Shanty News: Why you should respect new shanty recordings

Shanty News: Why you should respect new shanty recordings


OK, I know who you are. You’re a folk musician who takes folk music a little too seriously but you don’t let everyone know that. You try and maintain a colourful and bright disposition because that is who you are, but you take your folk music VERY seriously.

And why not? Why not take the one thing seriously that truly matters on a global scale? A person’s expression through music, simplified and cut back to just the person and their music nothing more, nothing less. Gorgeous.

We here at ShantyNet.com generally follow the same principle, folk for folk’s sake and nothing more. The magic of the music itself will preserve it through the ages, for future generation to enjoy and past generations to feel proud of.

However. There are always going to be new people taking a look at something we all hold dear: our tradition. The most recent and obvious example is the ‘Rogues Gallery’ Double Album released by Anti Records (Dist. Epitaph). If you have heard of this and not heard the music you will have no doubt realised this is the project of Johnny Depp and producer Hal Willner that arose from Mr Depp’s research into traditional maritime music from his performances in ‘Pirates of the Caribbean’ movie triolgy.

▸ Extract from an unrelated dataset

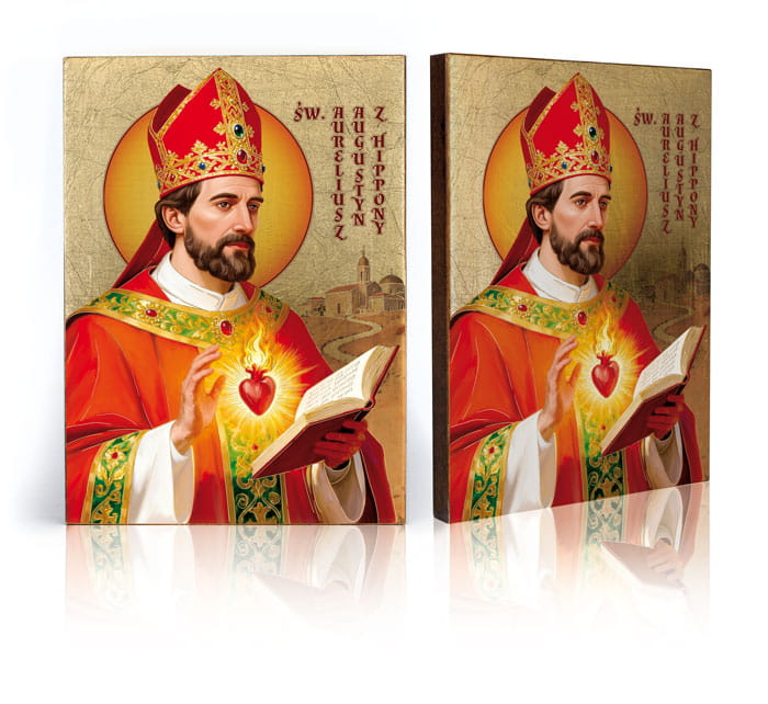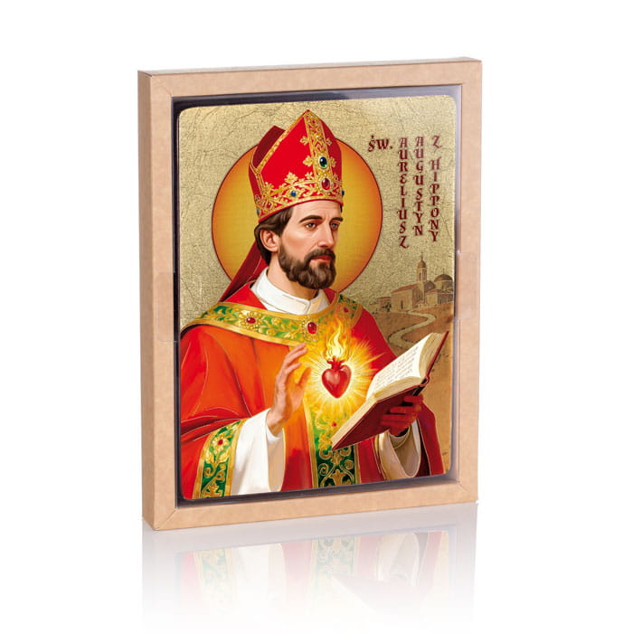Na ikonie znajduje się wizerunek Świętego Augustyna z Hippony. Wszystkie ikony dostępne w naszej ofercie wykonane są z najwyższej jakości materiałów. Drewno wykorzystywane do produkcji ikon dobierane jest w niezwykle staranny sposób. Wizerunek naniesiony na ręcznie złoconą deskę. Produkt wspaniale sprawdzi się jako jedyny w swoim rodzaju upominek dla najbliższych.

Now the sceptic in you will say “I don’t need Johnny Depp to tell me how awesome maritime music is”, and you would be right. You could also scan through the track listing and say: “all these pseudo celebrities will no doubt present these shanties in a way which will enhance their own egoes and diminish the song itself”.

In this case you would also be right.

However, some of these interpretations are really worth listening to.

If you read the liner notes of this album you will find that the producer had arsed around for the longest time, presumably wasting away the record companies cash as he dithered and failed to get a solid cast on the record. Eventually he got some quite big names to put their weight behind the record, including Bono, Nick Cave, Sting and the guy from all those Will Ferrel movies who isn’t the main guy but is pretty close who has frizzy hair (John C Reilly). Wierd.

The result is that you get a double CD of a mixture of quite awful renditions of your favourites and some truly stunning pieces.

I’ll start with the positive:

The standout of the the double album would have to be Jolie Holland’s “Grey Funnel Line”. Her interpretation of Cyril Tawney’s Clasic gives it a melancholy undertow which emphasises the song it’s true meaning, coupled with Holland’s uplifting vocal style which transports you to the paradise the song offers. I remember driving along the motorway a few years back just listening to that song over and over. It’s powerful.

From the upbeat numbers you cannot go past Loudon Wainwright III’s ‘Turkish Revelry’ and ‘Good Ship Veuns’. He is famous for a reason, his voice is something to behold and is worth listening to repeatedly. It must be noted however, that the good ship venus version is probably the most offensive you have heard.

Guess who is awesome at singing shanties? Sting. That’s right, the lame guy from the ‘Police’ who made a career from ripping off black melodies and singing style and selling it back to the whites at a premium. His Blood Red Roses is awesome, even if the key change is obviously way too high for him half way through the song. And his Shallow Brown is amazing as long as you forget that sentimentality was shunned on an actual sailing ship.

Look, at this point I feel I need to disclaim the following: Folk music and in particular shanty music isn’t popular generally. And unless there is some 1960’s revival of traditional/revivalist music it may not ever be popular again. So in essense we should be quite impressed that these big names are lending their hand to our small corner of the musical world. That is, unless, they are complete shit.

This is the case with Bono from U2. We all like at least one U2 song, they are one of the most successful groups in modern music, there are no denying these facts, but can he sing a shanty without trying oh so hard to be relevant and emotional. No, he can’t. He’s not even close.

He’s shit, there is no other way to describe it. I have owned this double album for at least 4 years now and I still can honestly say I have only listend to Bono’s ” A dying salior to his shipmates” all the way through twice. And once was last night where someone wanted to hear it for ironic value.

So, how should us folkies respond to such a project? My answer is simple: the same way that we respond to all other folk recordings and performances. There will be some songs you like and others you won’t, and that is perfectly acceptable. Projects like “the Rogues Gallery” should be taken seriously by us folkies because of the simple reason that they are adding to the wealth and history of the tradition just as we all are in our own small way.